I drew a picture and made the radius of the circle equal to 4000 miles and had 2 points. I made one point at 0 miles and the other at 325 miles. After multiplying 4000 by (325/Pi) I received 3.918 degrees. I know the answer is 4.655 degrees, but I don't know how to correctly solve the problem. Please help! Thanks! :)
 
Hello, math-a-phobic!

Assuming tha tthe earth is a sphere of radius 4000 miles,
what is the difference in latitudes of two cities,
one of which is 325 miles due north of the other?
Code:
             * * *
          *         *
        *             *
       *             / *
                   /     325
      *          / θ    *
      *        *--------* 
      *           4000  *

       *               *
        *             *
          *         *
             * * *
We have a central angle \(\displaystyle \theta\); the radius is \(\displaystyle r\,=\,4000\) miles.
The length of arc is \(\displaystyle s\,=\,325\) miles.

Length-of-Arc formula: \(\displaystyle \,s\:=\:r\theta\) . . . where \(\displaystyle \theta\) is in radians.

So we have: \(\displaystyle \,325\:=\:4000\theta\;\;\Rightarrow\;\;\theta\:=\:\frac{325}{4000}\:=\:0.08125\) radians.

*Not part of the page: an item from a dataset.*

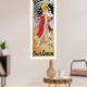 This vintage Art Nouveau advertising poster was designed by Jules Cheret in 1904. It features a woman dressed in a fur lines red coat and floppy hat. This has been digitally restored to remove signs of age and enhance colours

And 0.08125 radians equals: \(\displaystyle \,\frac{0.08125\text{ rad}}{1}\,\times\,\frac{180^o}{1\text{ rad}} \;= \;4.655282085^o\)

Therefore, the difference in latitude is: \(\displaystyle \,4.655^o\)
 
Use the formula \(\displaystyle S=\theta R\), where S is the distance and R is the radius, to solve for the angle \(\displaystyle \theta\) in radians. Then convert that to degrees.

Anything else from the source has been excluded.